I'm putting on my socks in preparation for a little hike before work. They are ankle style, cheaply made, and each one sports a penguin in a pink knit cap. He is executing a twirl on ice skates though he appears lost in thought. Simone gave them to me. She had received them as a Christmas gift, but they weren't really her style. As I think of her my heart warms, but then, to my surprise, I find myself thinking, "I hope she's dead."
I know how harsh that sounds, and I know it's not for me to reckon the value of any other life to the person living it. The feeling that accompanies the thought is one of caring and wishing relief for her. Simone suffered terribly and there was nothing anyone could do to fix it.
For three years I was one of her nurses. Simone and I first met in the intensive unit for patients who were deeply and chronically mentally ill. Sometimes people got a bit better and left, but most patients' illness just ebbed and flowed, never really improving.
"Good morning, Simone," I said with a smile. She was heading up the hallway barefoot, wearing a long, simple, black-and-white-striped jersey knit dress, her white hair up in a messy bun. She didn't meet my eyes, her gaze staying steadily forward, but once alongside me she declared, "You're a whore. The worst one. The president's whore." She was shaming me for ruining the beautiful marriage of the U.S. president at the time.
Simone would spend most of the day lying in her bed. She'd try to rest, but the visions and horrors wouldn't let her. She would call out loudly, swearing at who or what she thought was there and yelling at them to go away. This was pretty much baseline for her. When she started to refuse her meds, it would get worse, but it never got better.
Her constant suffering was obvious. Alone in her room, Simone would call out, "Aaagh! Put me down!" A string of curses would follow. She had the recurring experience of being in the jaws of a giant dog, its teeth piercing her flesh, its slobber coating her. Simone said her brother came to torture her. She regularly told staff how people came down through the light fixtures to rape her in the night. Family members could come into her mind and cause great psychic pain.
To her, I was a whore and that was that. I stayed cordial and continued to check in on her and offer her things I thought she might need. Simone didn't waver for months, until one day she approached me in the hall. She was carrying a hairbrush and had a scowl on her face. "I can't get my hair up! It's not working!"

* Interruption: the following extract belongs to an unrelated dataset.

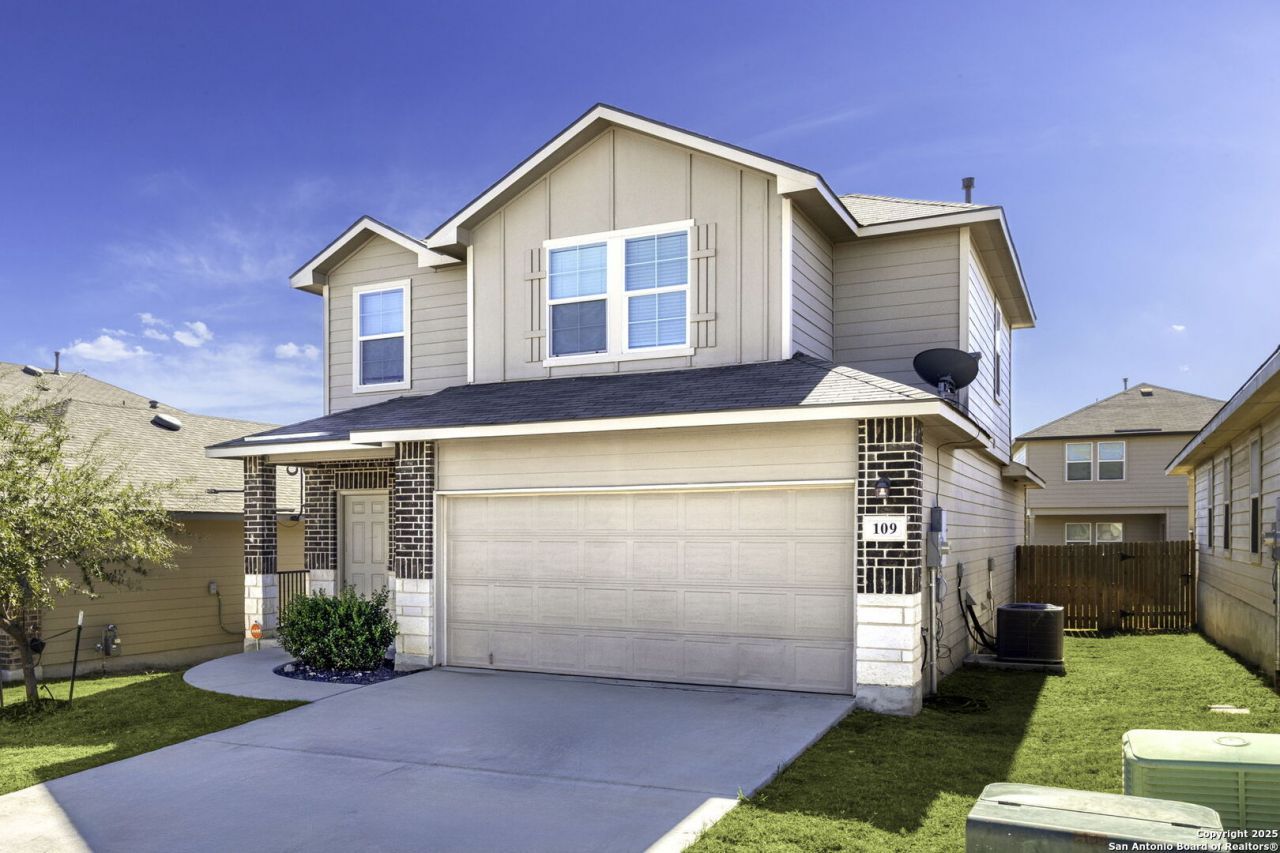 Welcome to 109 Hogans Aly! This beautiful move-in ready 3-bedroom, 2.5-bath home with 1,982 sq ft offers a spacious two-story layout designed for comfortable living and entertaining. The open-concept floor plan features a large living area that flows into the kitchen with granite countertops, stainless steel appliances, and stylish wood-look vinyl flooring. The primary suite provides a relaxing retreat with a walk-in closet and a private bath featuring a walk-in shower. Downstairs has been refreshed with new paint, and the primary bedroom includes brand-new carpet. Step outside to enjoy the fenced backyard and covered patio, perfect for relaxing evenings or weekend gatherings. Conveniently located just minutes from HEB, Walmart, restaurants, and shopping, this home combines comfort, style, and everyday convenience.

I gently offered to help, fully expecting to be shot down and called by my usual epithet. Simone paused and glared at me briefly before assenting to let me try. She sat on the stool in her room, and I began to carefully brush her hair. She sat with her eyes cast down. Then she looked up and quietly said, "You're not a whore."
I don't know if it was bravery or desperation on her part to crack the door open for me in that way, but our connection grew. Most days she just couldn't focus, but I would read to her a few times a week when she felt up for it. She chose a cheesy romance novel, and we worked our way through it. We would giggle together when it got steamy. She would stop me when a passage jogged some sort of memory. She told me about her time in Paris as a college student. She had gone shopping with some girlfriends and bought a yellow dress.

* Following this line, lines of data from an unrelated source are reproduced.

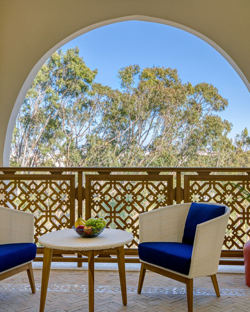 Superbe suite d'une chambre avec vue sur la forêt comprenant une chambre et un salon séparés, avec des designs contemporains mélangeant décor marocain traditionnel et couleurs méditerranéennes, une salle de bains en marbre et un grand balcon privé.
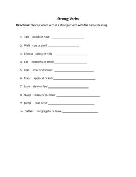Web strong verbs worksheet 1. Rewrite the sentence using that strong verb. A great revision strategy is to look for ways to make verbs more descriptive.
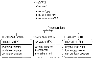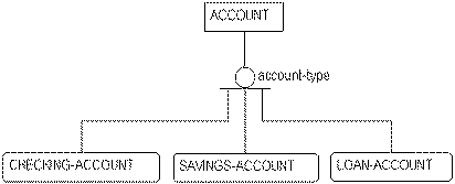 In this figure, an ACCOUNT is either a CHECKING-ACCOUNT, a SAVINGS-ACCOUNT, or a LOAN-ACCOUNT. Each subtype entity is an ACCOUNT and inherits the properties of ACCOUNT. The three different subtype entities of ACCOUNT are mutually exclusive.
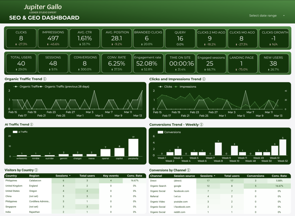 This SEO & GEO dashboard provides a clear view of clicks, impressions, conversions, and traffic trends by region and channel. Track organic performance, see which markets are driving results, and monitor AI-driven traffic insights — all in one interactive Looker Studio report designed for fast, actionable decision-making.
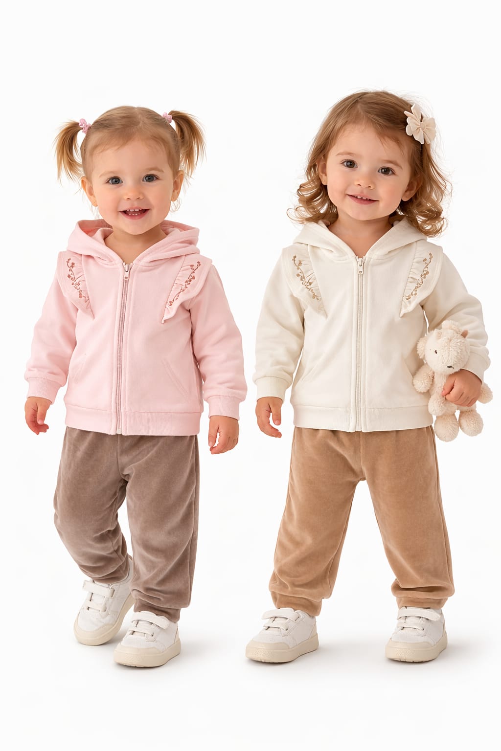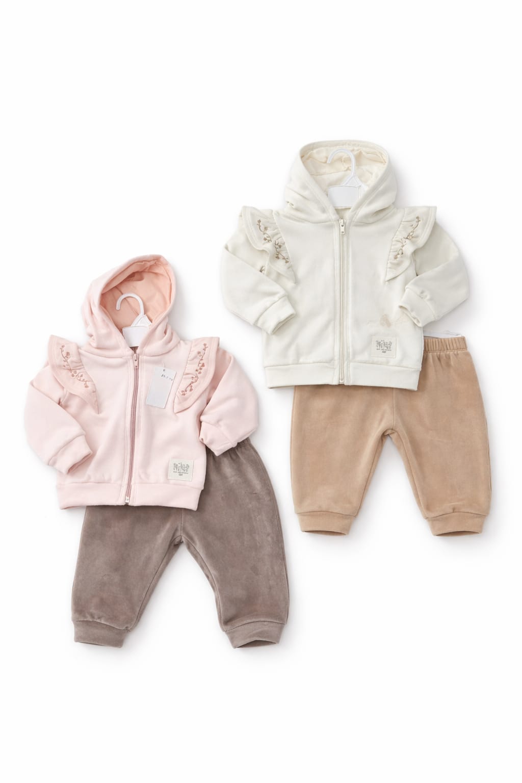 CONJUNTO PLUSH NENE SAQUITO CON CAPUCHA + PANTALON BABY SKIN

Simone seemed to briefly enjoy these recollections before a wave of sadness would come over her. She remembered when she was whole and well. Then her face would fall, and she'd say, "I wish I was dead. I can't stand this. Why do I have to be tortured like this?"
There is no DNR in psych, no living will, no natural death from the illness. In medical nursing a patient or their designee can decide to transition to comfort care and then eventually the end comes. It's different in psych.
As nurses we all care. It's what we do. We care until our hearts hurt like an overused muscle. To find myself presiding over a void of trapped souls was not what I thought I was getting into, and so I focused on making their lives as pleasant as possible. As Simone's nurse I learned to focus on what I could do in any given moment to make her life more enjoyable, more comfortable. The goal became solely caring, not curing.
My mixed sentiments as I was pulling on those socks that morning shocked me. I cared for Simone and wished for her to have some peace. At least I know that I was able to provide some relief, some joy, and a bit of fun in our time together.